There are a lot of neat little tricks in Machine Learning to make things work better. They can do many different things: make a network train faster, improve performance, etc. Today I’ll discuss LogSumExp, which is a pattern that comes up quite a bit in Machine Learning. First let’s define the expression:
$$LogSumExp(x_1…x_n) = \log\big( \sum_{i=1}^{n} e^{x_i} \big)$$
When would we see such a thing? Well, one common place is calculating the cross entropy loss of the softmax function. If that sounded like a bunch of gobbeldy-gook: 1. get used to it, there’s a bunch of crazily named stuff in ML and 2. just realize it’s not that complicated. Follow that link to the excellent Stanford cs231n class notes for a good explanation, or just realize for the purposes of this post that the softmax function looks like this:
$$\frac{e^{x_j}}{\sum_{i=1}^{n} e^{x_i}}$$
where the $x_j$ in the numerator is one of the values (one of the $x_i$s) in the denominator. So what this is doing is essentially exponentiating a few values and the normalizing so the sum over all possible $x_j$ values is 1, as is required to produce a valid probability distribution.

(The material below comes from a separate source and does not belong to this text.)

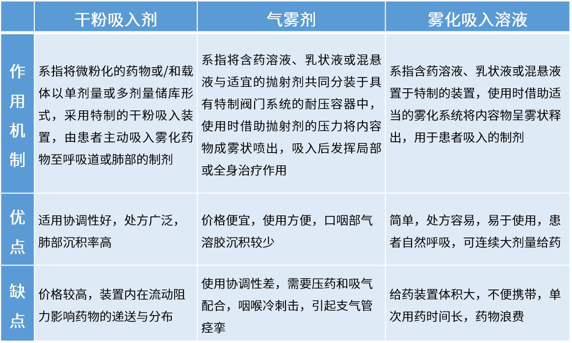 與傳統(tǒng)劑型不同,大多數(shù)經(jīng)口吸入制劑被設(shè)計為局部作用于肺部,主要有霧化吸入劑(nebulizer,也稱噴霧劑)、壓力定量吸入劑(pMDI,也稱氣霧劑) 和干粉吸入劑(DPI,也稱吸入粉霧劑) ,針對其作用機制及優(yōu)缺點見下表。

So you can think of the softmax function as just a non-linear way to take any set of numbers and transforming them into a probability distribution. And for the cross entropy bit, just accept that it involves taking the log of this function. This ends up producing the LogSumExp pattern since:
$$\begin{align}\log\left(\frac{e^{x_j}}{\sum_{i=1}^{n} e^{x_i}}\right) &= \log(e^{x_j}) \:-\: \log\left(\sum_{i=1}^{n} e^{x_i}\right) \\ &= x_j \:-\: \log\left(\sum_{i=1}^{n} e^{x_i}\right) & (1)\end{align}$$

It may seem a bit mysterious as to why this is a good way to produce a probability distribution, but just take it as an article of faith for now.

Numerical Stability

Now for why LogSumExp is a thing. First, in pure mathematics, it’s not a thing. You don’t have to treat LogSumExp expressions specially at all. But when we cross over into running math on computers, it does become a thing. The reason is based in how computers represent numbers. Computers use a fixed number of bits to represent numbers. This works fine almost all of the time, but sometimes it leads to errors since it’s impossible to accurately represent an infinite set of numbers with a fixed number of bits.

To illustrate the problem, let’s take 2 examples for our $x_i$ sequence of numbers: {1000, 1000, 1000} and {-1000, -1000, -1000}. Due to my amazing mathematical ability, I know that feeding either of these sequences into the softmax function will yield a probability distribution of {1/3, 1/3, 1/3} and the log of 1/3 is a reasonable negative number. Now let’s try to calculate one of the terms of the summation in python:

>>> import math
>>> math.e**1000
Traceback (most recent call last):
File "", line 1, in
OverflowError: (34, 'Result too large')

Whoops. Maybe we’ll have better luck with -1000:

>>> math.e**-1000
0.0

That doesn’t look right either. So we’ve run into some numerical stability problems even with seemingly reasonable input values.

The Workaround

Luckily people have found a nice way to minimize these effects by relying on the fact that the product of exponentiations is equivalent to the exponentiation of the sum:
$$e^a \cdot e^b = e^{a+b}$$
and the logarithm of a product is equivalent to the sum of the logarithms:
$$\log(a \cdot b) = \log(a) + \log(b)$$
Let’s use these rules to start manipulating the LogSumExp expression.
$$\begin{align}
LogSumExp(x_1…x_n) &= \log\big( \sum_{i=1}^{n} e^{x_i} \big) \\
&= \log\big( \sum_{i=1}^{n} e^{x_i – c}e^{c} \big) \\
&= \log\big( e^{c} \sum_{i=1}^{n} e^{x_i – c} \big) \\
&= \log\big( \sum_{i=1}^{n} e^{x_i – c} \big) + \log(e^{c}) \\
&= \log\big( \sum_{i=1}^{n} e^{x_i – c} \big) + c & (2)\\
\end{align}$$

Ok! So first we introduced a constant $c$ into the expression (line 2) and used the exponentiation rule. Since $c$ is a constant, we can factor it out of the sum (line 3) and then use the log rule (line 4). Finally, log and exp are inverse functions, so those 2 operations just cancel out to produce $c$. Critically, we’ve been able to create a term that doesn’t involve a log or exp function. Now all that’s left is to pick a good value for c that works in all cases. It turns out $max(x_1…x_n)$ works really well.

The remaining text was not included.